Veteran TV presenter and critic Clive James has leukaemia, it has emerged.
The 71-year-old Australian, who lives in England, has been battling with the illness for 15 months.
His illness was disclosed by the editor of The Australian Literary Review, Luke Slattery, who said he wrote to James after his requests for an essay were politely rebuffed on grounds of ill health and after James referred to several life-threatening conditions in his poetry, Australian Associated Press reported.

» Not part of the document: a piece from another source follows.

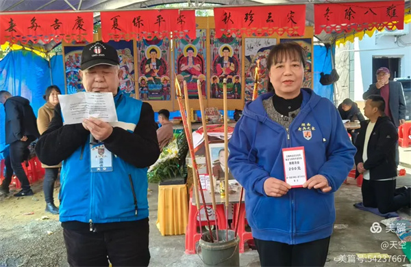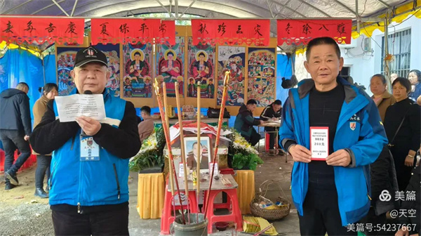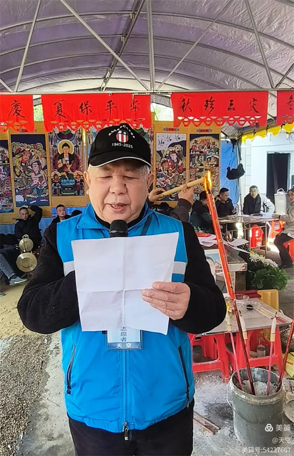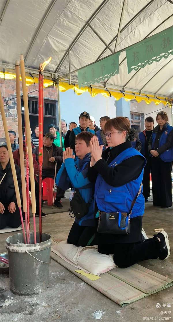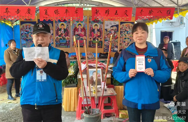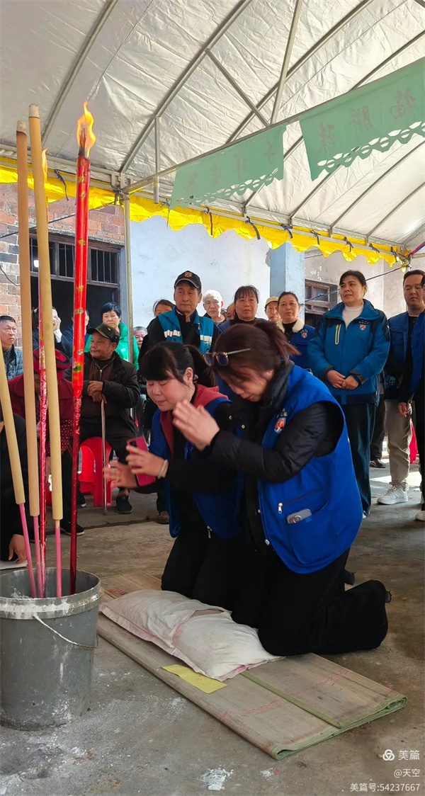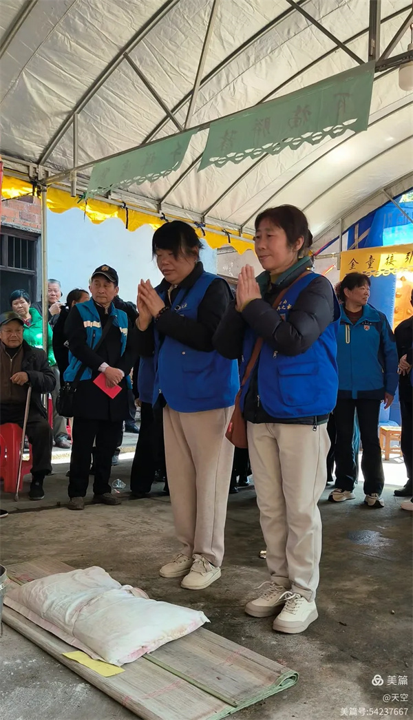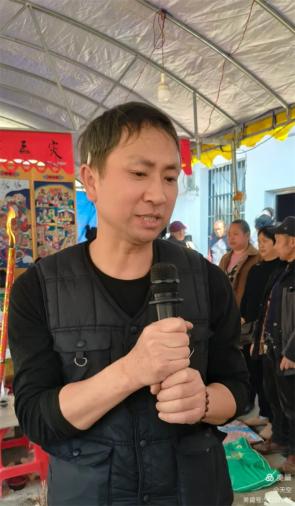 看到村公路旁边搭的拱门及家中的灵棚和棺材,儿孙们为陈爷爷守灵4天,我们看了感到十分的欣慰,在灵堂前挂好横幅挽联后。为陈爷爷举行追思告别会,由天空主持,理事盼盼致悼词:

James wrote back saying he was hospitalised in January 2010 for kidney failure. "I was immediately diagnosed for everything else as well, including several lung diseases and a version of leukaemia that is supposed to develop slowly but in my case couldn't wait to get started, mainly in my lungs," he wrote. Slattery, writing in The Australian, said James had been forced to ration his time to work on several book projects, including a second volume of his book Cultural Amnesia.
James has lived in England since leaving Sydney in 1961. He became a columnist for The Observer and has worked for the BBC and independent television. The Mail on Sunday quoted his wife Prue Shaw, an academic, as saying: "Clive has been ill for around 15 months and is being treated at Addenbrooke's Hospital in Cambridge.
"He is suffering from CLL - Chronic Lymphocytic Leukaemia - which if you must have the condition is the kind you want because they can monitor it."